__TASK DIRECTIONS__. Begin at the line containing "مسعود پزشکیان در" and copy exactly through the last line of the listing, skipping every picture.

__DATA BLOCK__.
• • • • • • •
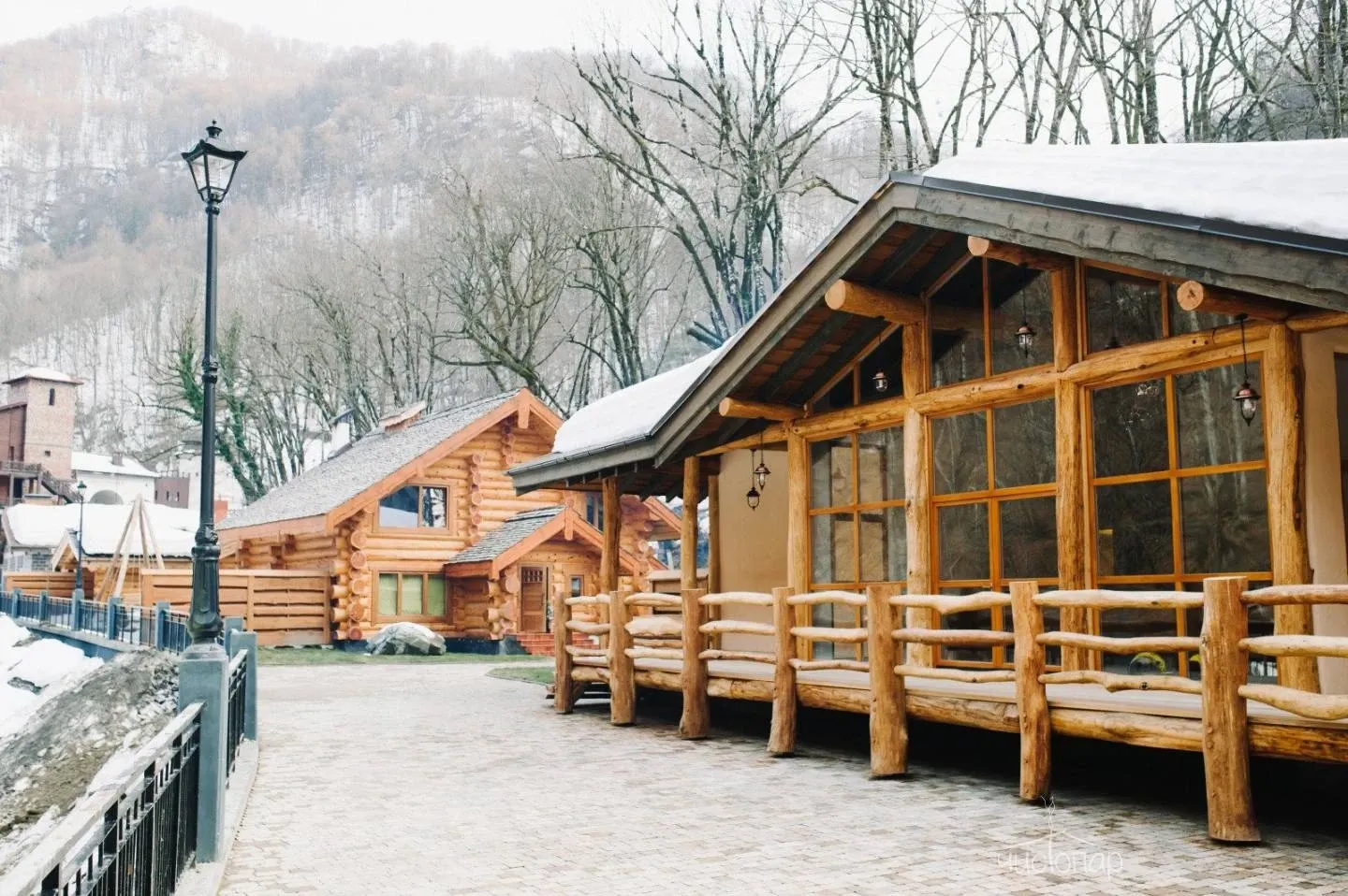 «Роза Хутор». Здесь, в окружении гор, на берегу реки Мзымта, органично вписаны в ландшафт бани ESPAS.
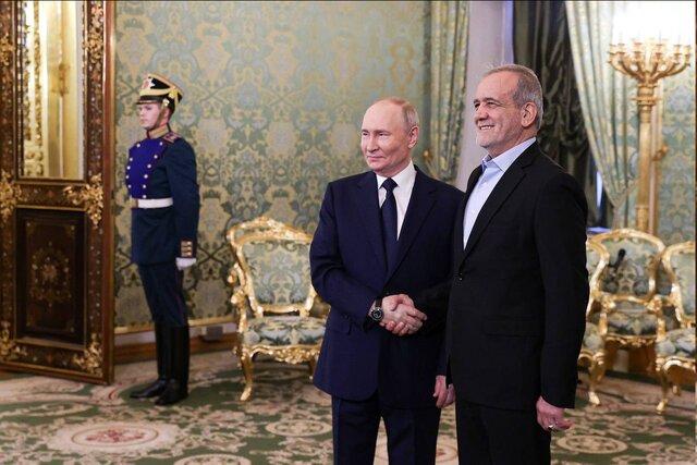 مسعود پزشکیان در نشست خبری مشترک با ولادیمیر پوتین رئیس جمهور روسیه پس از امضای اسناد همکاری راهبردی دو کشور، اظهار کرد: امیدوارم شاهد فصل جدیدی از همکاری راهبردی بین دو کشور باشیم. روسیه از جایگاهی ممتاز در سیاست همسایگی ایران دارد. در مذاکرات امروز چگونگی گسترش همکاری های اقتصادی و تجاری دو کشور مورد رایزنی قرار گرفت، موانع و راه حل ها بررسی شد و گفت و گوهای مثبتی درباره مسائل منطقه ای و بین المللی داشتیم. سند همکاری جامعه فصل جدیدی در رابطه دو کشور خواهد گشود. این سند مسیر توسعه همکاری دو کشور را هموار کند.
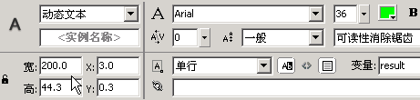 3)将文本框类型由“静态文本”改为“动态文本”,大小36、颜色绿色,“单行”不变,单击按下旁边的显示边框按钮
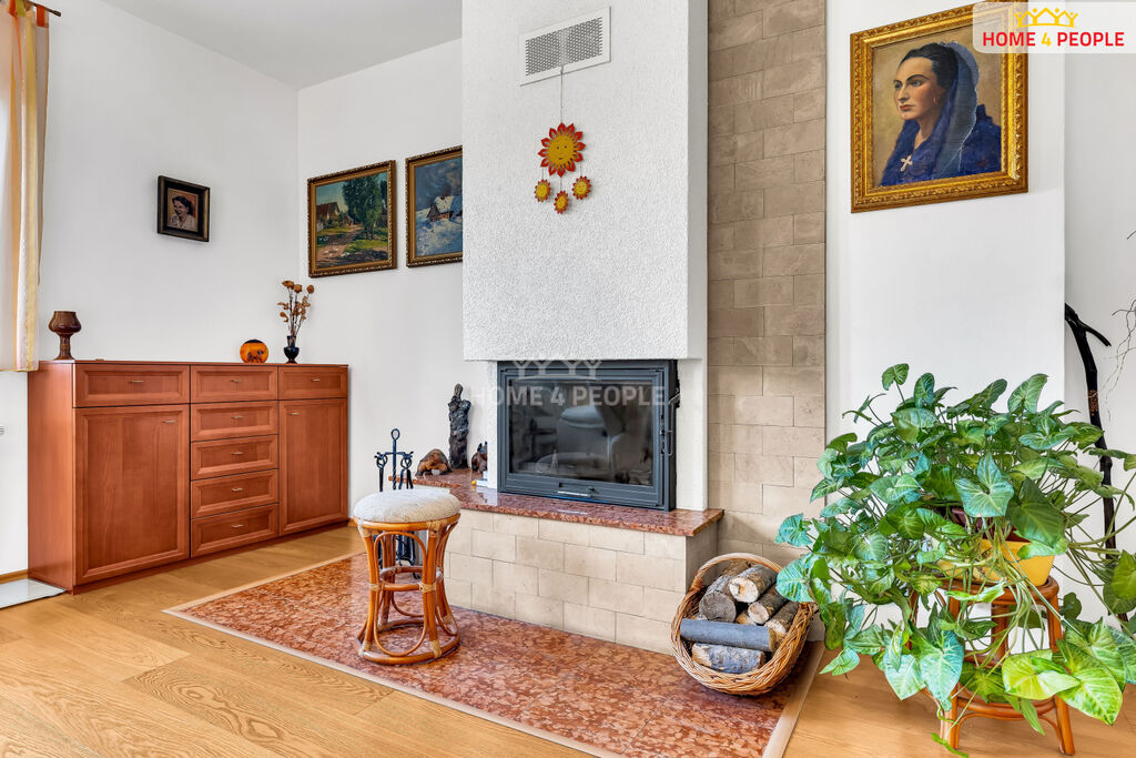 V přízemí domu se nachází prostorný obývací pokoj s krbem a vstupem na terasu, kuchyň s jídelnou, pokoj a koupelna s wc a sprchovým koutem.
• • • • • • •
__YOUR SOLUTION__.
 مسعود پزشکیان در نشست خبری مشترک با ولادیمیر پوتین رئیس جمهور روسیه پس از امضای اسناد همکاری راهبردی دو کشور، اظهار کرد: امیدوارم شاهد فصل جدیدی از همکاری راهبردی بین دو کشور باشیم. روسیه از جایگاهی ممتاز در سیاست همسایگی ایران دارد. در مذاکرات امروز چگونگی گسترش همکاری های اقتصادی و تجاری دو کشور مورد رایزنی قرار گرفت، موانع و راه حل ها بررسی شد و گفت و گوهای مثبتی درباره مسائل منطقه ای و بین المللی داشتیم. سند همکاری جامعه فصل جدیدی در رابطه دو کشور خواهد گشود. این سند مسیر توسعه همکاری دو کشور را هموار کند.
 3)将文本框类型由“静态文本”改为“动态文本”,大小36、颜色绿色,“单行”不变,单击按下旁边的显示边框按钮
 V přízemí domu se nachází prostorný obývací pokoj s krbem a vstupem na terasu, kuchyň s jídelnou, pokoj a koupelna s wc a sprchovým koutem.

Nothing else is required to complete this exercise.